Exercise requirements: Each entry that follows is to be copied exactly, minus any pictures.

Source data:
══════════
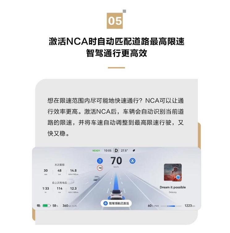 官方的升级说明显示,此次OTA升级的一大关注点是将推送城区智驾领航辅助(城区NCA)。城区NCA可以辅助驾驶员控制车辆按导航路线自主行驶至目的地,具备自主换道、自主左右转、看红绿灯过路口、遇到斑马线礼让行人、避让异性障碍物、机非混行场景提前预知判断等能力。不依赖高精地图,城区NCA支持全国的高速、高架、快速路;支持大小城市及乡镇的城区道路;支持城市所有道路(主干路/次干路/支路等)、国道、县道、乡道等公开道路,可用路段高达99%,全国都能开,越开越好看,有路就能开。
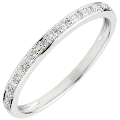 Une alliance or blanc sertie grain élégante et intemporelle. Cette alliance de mariage est idéale pour accompagner une bague de fiançailles ou bien se porter seule.
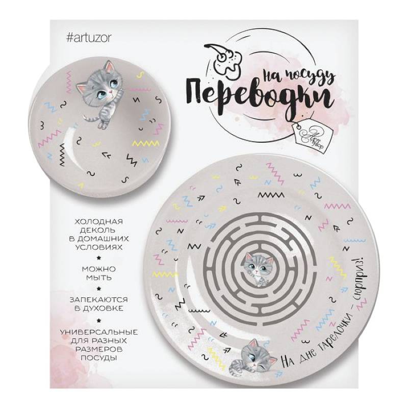 Переводки на посуду (холодная деколь) «Накорми котика!», 17x18 см
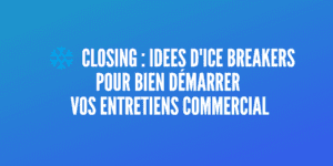 Un « ice breaker » ou « bris de glace » est simplement une manière d’introduire un entretien de vente (qu’il soit téléphonique ou physique). On parle alors d’ouverture (ou d’opener).
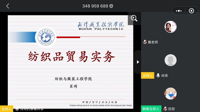 肖琦老师的纺织品贸易课程首堂课介绍清晰明了,对学生提出明确的学习要求,当堂布置学习任务、当堂完成、当堂批改并指导,实现了高效的空中课堂教学模式。
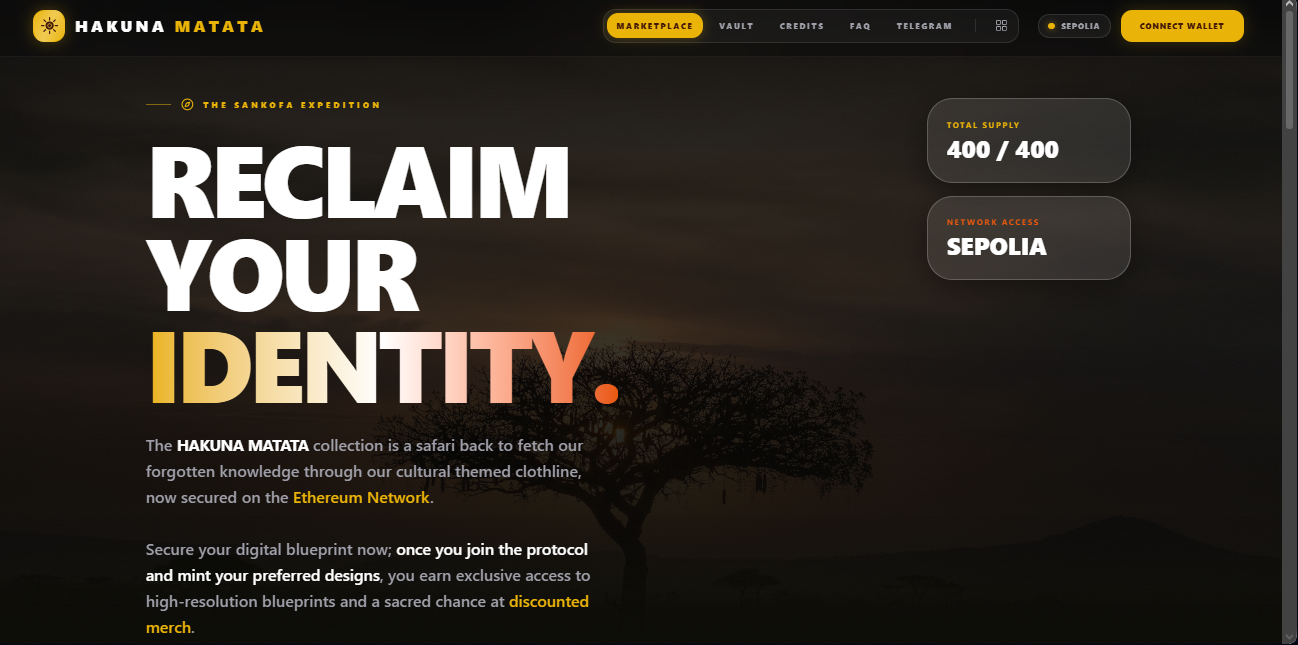 Physical Clothing Line The "Savannah Studio" artwork isn't just for digital frames. We are moving toward launching a Real Clothing Line , The Hakuna Matata Safari clothline (Check our Shop page - Mint a Blueprint NFT and you stand a chance for a real discount on the real design once we launch )
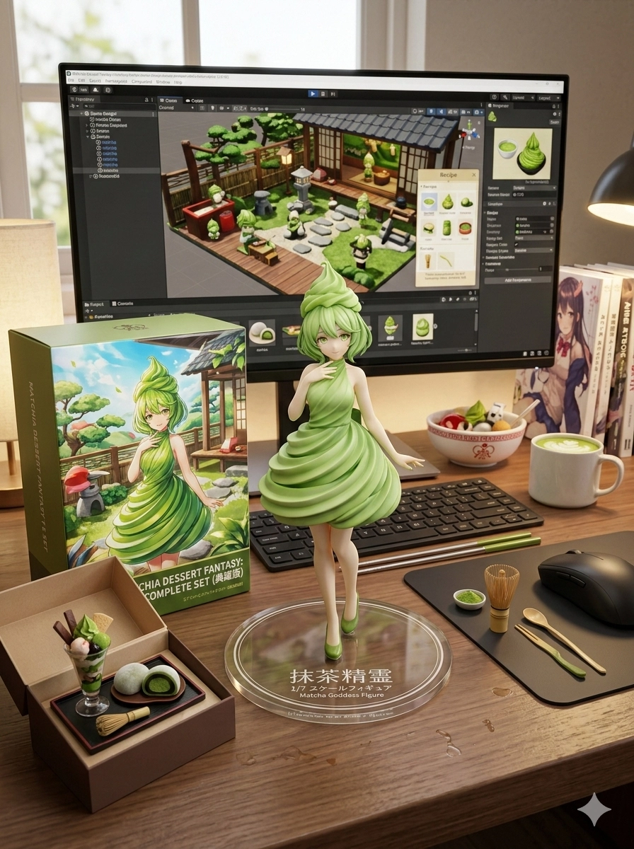 桌面上另外放置了各式各樣甜點有關物品,以及其模型盒,設計為市售收藏品風格,正面印有該角色的亮色立體感插圖,呈現完整的周邊商品氛圍。」
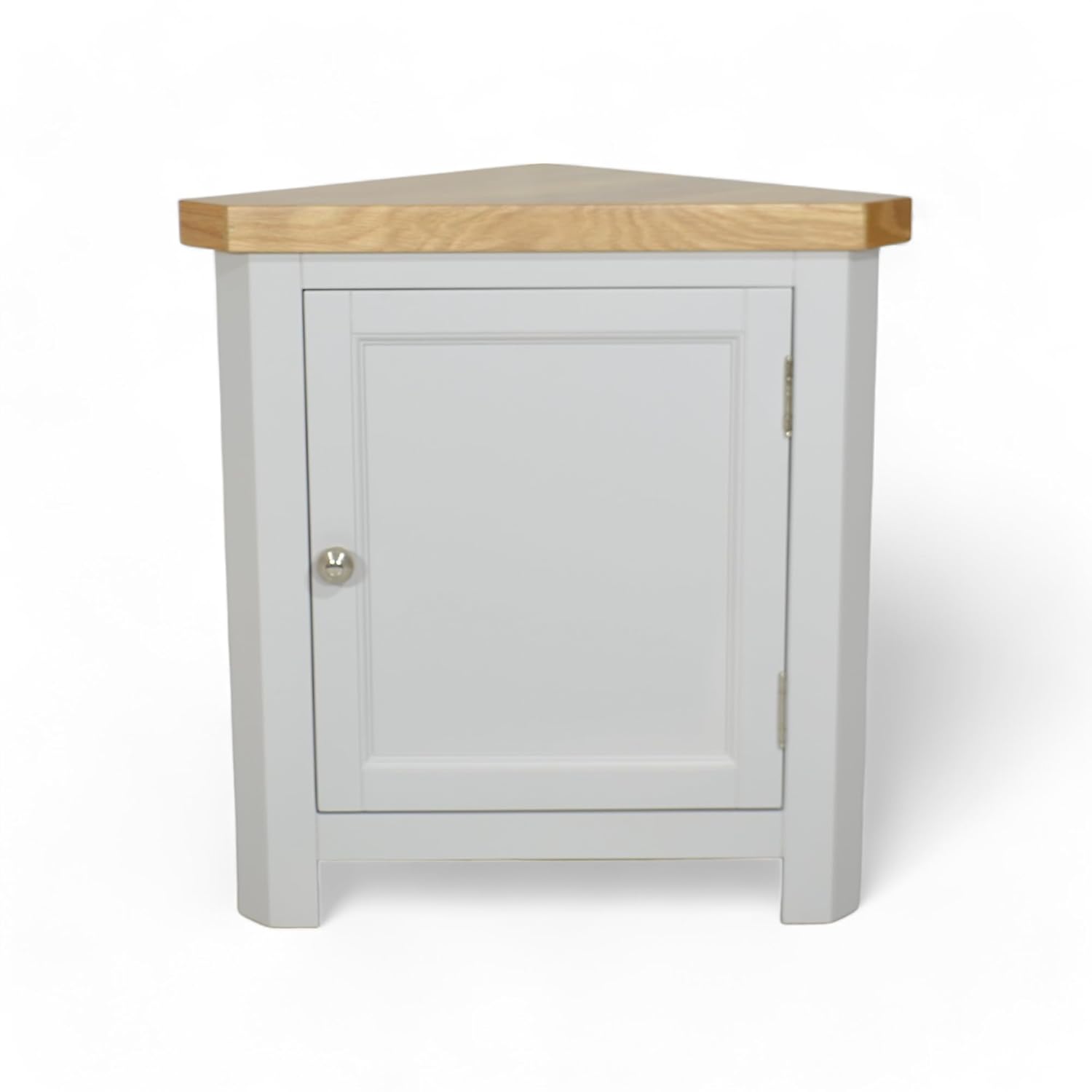 GROFurniture Cashmere Grey Corner Cabinet, Painted Small Storage Cuboard, Triangle Unit Oak Top Cabinet for Livingroom, Bathroom & Hallway, Fully Assembled 41D x 41W x 61H cm
══════════
Result of the task:
 官方的升级说明显示,此次OTA升级的一大关注点是将推送城区智驾领航辅助(城区NCA)。城区NCA可以辅助驾驶员控制车辆按导航路线自主行驶至目的地,具备自主换道、自主左右转、看红绿灯过路口、遇到斑马线礼让行人、避让异性障碍物、机非混行场景提前预知判断等能力。不依赖高精地图,城区NCA支持全国的高速、高架、快速路;支持大小城市及乡镇的城区道路;支持城市所有道路(主干路/次干路/支路等)、国道、县道、乡道等公开道路,可用路段高达99%,全国都能开,越开越好看,有路就能开。
 Une alliance or blanc sertie grain élégante et intemporelle. Cette alliance de mariage est idéale pour accompagner une bague de fiançailles ou bien se porter seule.
 Переводки на посуду (холодная деколь) «Накорми котика!», 17x18 см
 Un « ice breaker » ou « bris de glace » est simplement une manière d’introduire un entretien de vente (qu’il soit téléphonique ou physique). On parle alors d’ouverture (ou d’opener).
 肖琦老师的纺织品贸易课程首堂课介绍清晰明了,对学生提出明确的学习要求,当堂布置学习任务、当堂完成、当堂批改并指导,实现了高效的空中课堂教学模式。
 Physical Clothing Line The "Savannah Studio" artwork isn't just for digital frames. We are moving toward launching a Real Clothing Line , The Hakuna Matata Safari clothline (Check our Shop page - Mint a Blueprint NFT and you stand a chance for a real discount on the real design once we launch )
 桌面上另外放置了各式各樣甜點有關物品,以及其模型盒,設計為市售收藏品風格,正面印有該角色的亮色立體感插圖,呈現完整的周邊商品氛圍。」
 GROFurniture Cashmere Grey Corner Cabinet, Painted Small Storage Cuboard, Triangle Unit Oak Top Cabinet for Livingroom, Bathroom & Hallway, Fully Assembled 41D x 41W x 61H cm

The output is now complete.